Из Харабалей вывозилось много.
В сарай с глубоким-преглубоким, очень опасным погребом меня, конечно, не пустят. Но я туда, разумеется, проберусь. Бабуля выставит на божий свет пару вёдер картошки, посмотрит на меня и прикрикнет: «Ах ты, поросук!». Придётся быстро-быстро убегать в дом. Совсем не через долго туда придёт бабуля, спустится в подпол за маринадами и вареньем. В подпол меня тоже не пускали. Но хотя бы можно было лежать на полу на животе, засунув голову вовнутрь, вдыхать тревожную, холодную сырость, рассматривать тонущие в печальном полумраке ступеньки, полки, банки, высматривать тайну, бороться с нестерпимым желанием спуститься… И командовать:
– Малиновое! Вишнёвое! Смородинового не надо! Не надо! А клубничного три банки!
Маринады мне казались скучными. Именно на маринадах я осознавала, что скоро уезжать, подступала тоска.
Откуда ни возьмись попадался мой любимый кот Тимка и попадал под мои проливные слёзы.
А вечером – в поезд. По дороге на вокзал бабуля будет причитать. И малины мы взяли мало, и картошки ещё бы могли взять, да надо было укропа нарвать, и никто не вспомнил про семечки…

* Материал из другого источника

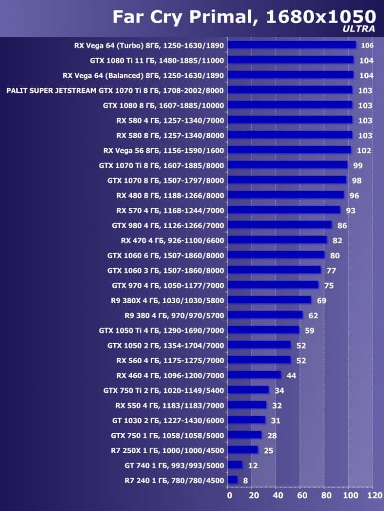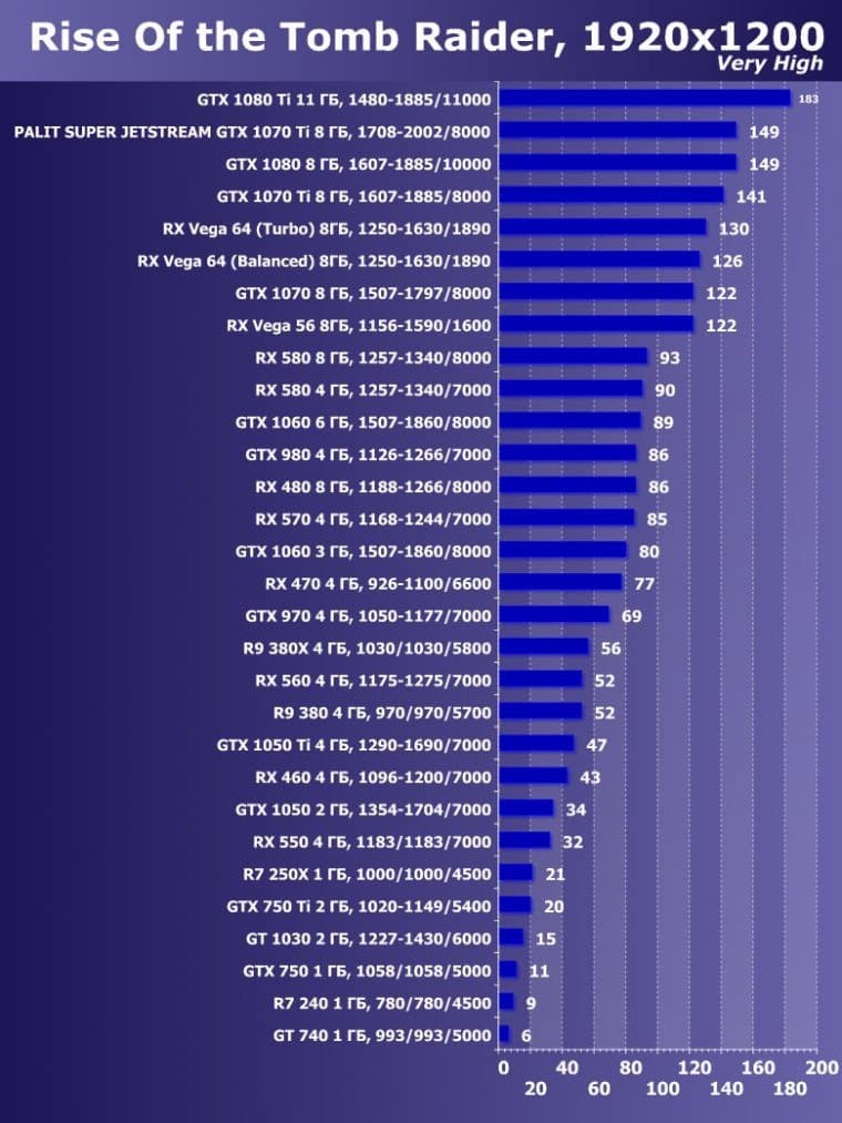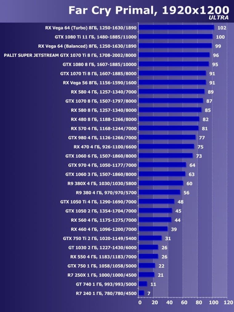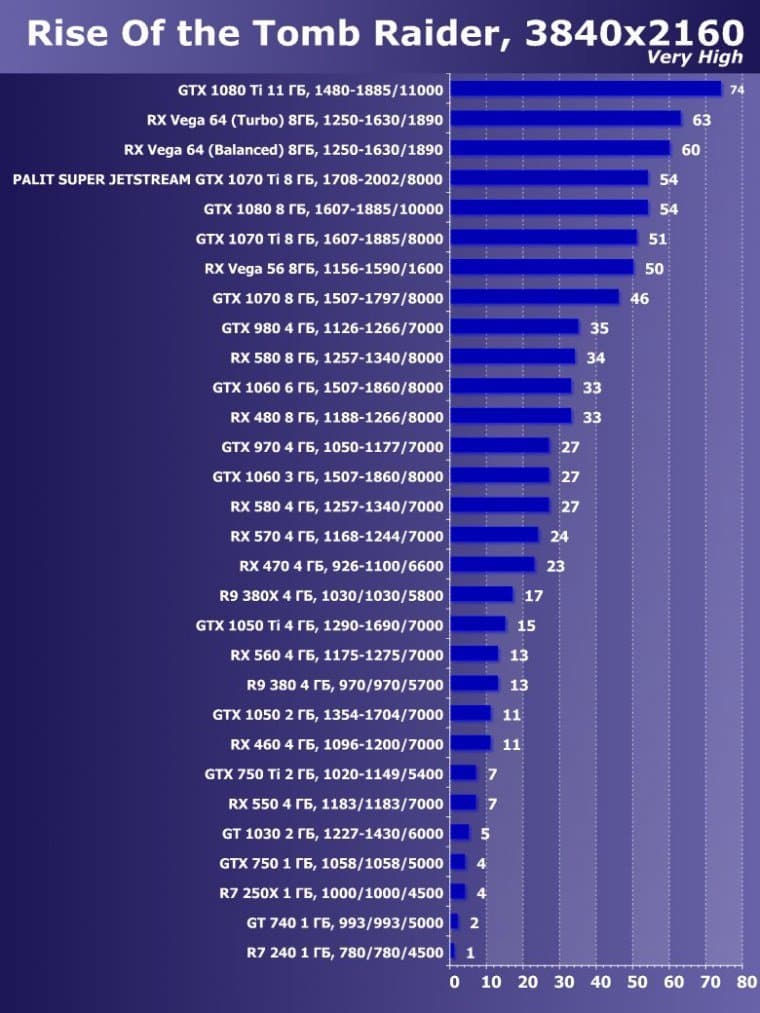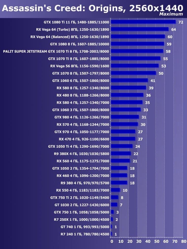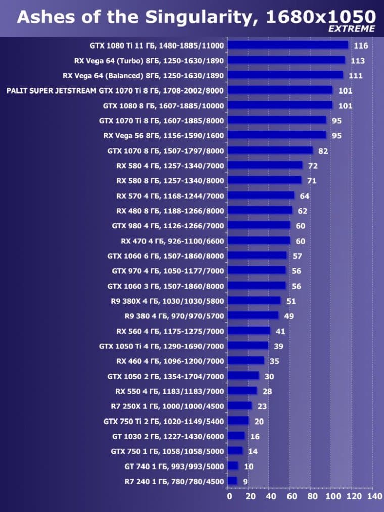 | 14 | Palit Super Jetstream GTX 1070 Ti 8 ГБ, 1708—2002/8000 | 613 | 2390 | 39 000 |
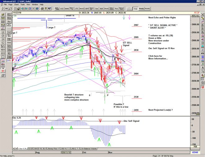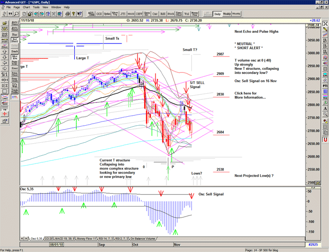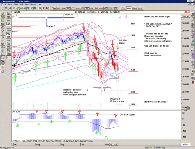 As we can see from the chart below with the T volume oscillator, the rise off the October low was indeed very strong with the oscillator making a new high. We can see the T confirmed by the oscillator moving upwards through the previous series of declining highs in the oscillator – the cash-build up line – and it should have projected highs on 08, 16, 23 November and 04 December. But the rapid decline in price and in the oscillator on 12 November hinted at a problem as the T structure collapsed and turned very bearish, providing fuel for the downside. We haven't seen this for some years.
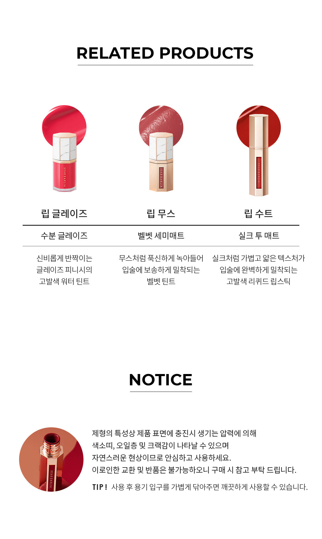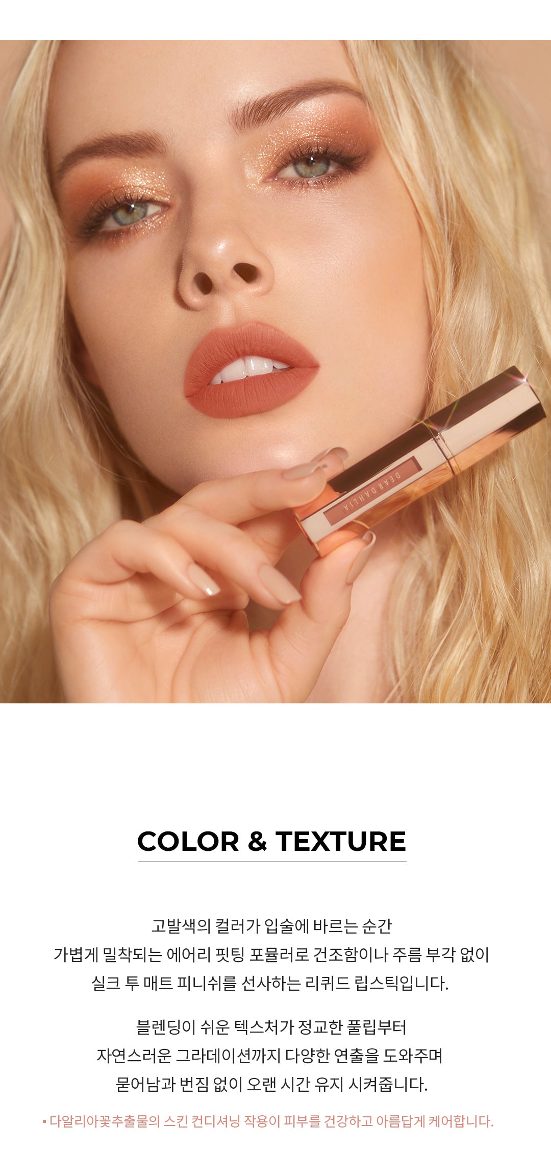 This liquid lipstick has a highly pigmented air-refitting formula that adheres lightly to the lips the moment you apply it, giving a silk-to-matte finish without drying out or highlighting wrinkles. From full lips to sophisticated, easy-to-blend textures

Почему-то в тот наш приезд планы поменялись. Рано-рано утром, было ещё темно, меня разбудила мама:
– Просыпайся, поедем на «Ракете». Быстрее, а то опоздаем.
От улицы Комбинатской до берега Ашулука путь неблизкий. Провожающие нас харабалинские родственники, опустив головы, ссутулившись, тащат тяжёлые сумки. Все заспанные и молчаливые. Только я радуюсь и, вырвавшись вперёд, подпрыгиваю и пританцовываю на улице Гагарина, на Безымянной улице, посреди улицы Комарова.
Мы вышли к берегу. Родственники мои влились в толпу таких же заспанных и унылых. А я осталась стоять на возвышении, на краю берегового склона. Я уже не скакала. Я стояла замерев, молча, кажется, я даже не дышала. Я стояла, задрав голову вверх. Неотрывно, пристально, до боли в глазах смотрела в небо. Вслушивалась в еле слышное небесное дыхание, пыталась поймать какой-нибудь далёкий гул. Я ждала, когда прилетит ракета.
Я влезу в скафандр, войду в ракету, ракета взлетит, и внутри ракеты взлетит всё: и я, и мама, и банки с вареньем, и авоськи с картошкой, всё станет невесомым и сказочным. Уж я налетаюсь! Я так налетаюсь!
Конечно, я не заметила, как подошёл теплоход, как в него перетекла часть толпы. Я всё стояла, глядя в небо, пока меня не дёрнули за руку. Потом меня, ничего не понимающую, оцепеневшую, приволокли на причал, обцеловали, втолкнули в теплоход…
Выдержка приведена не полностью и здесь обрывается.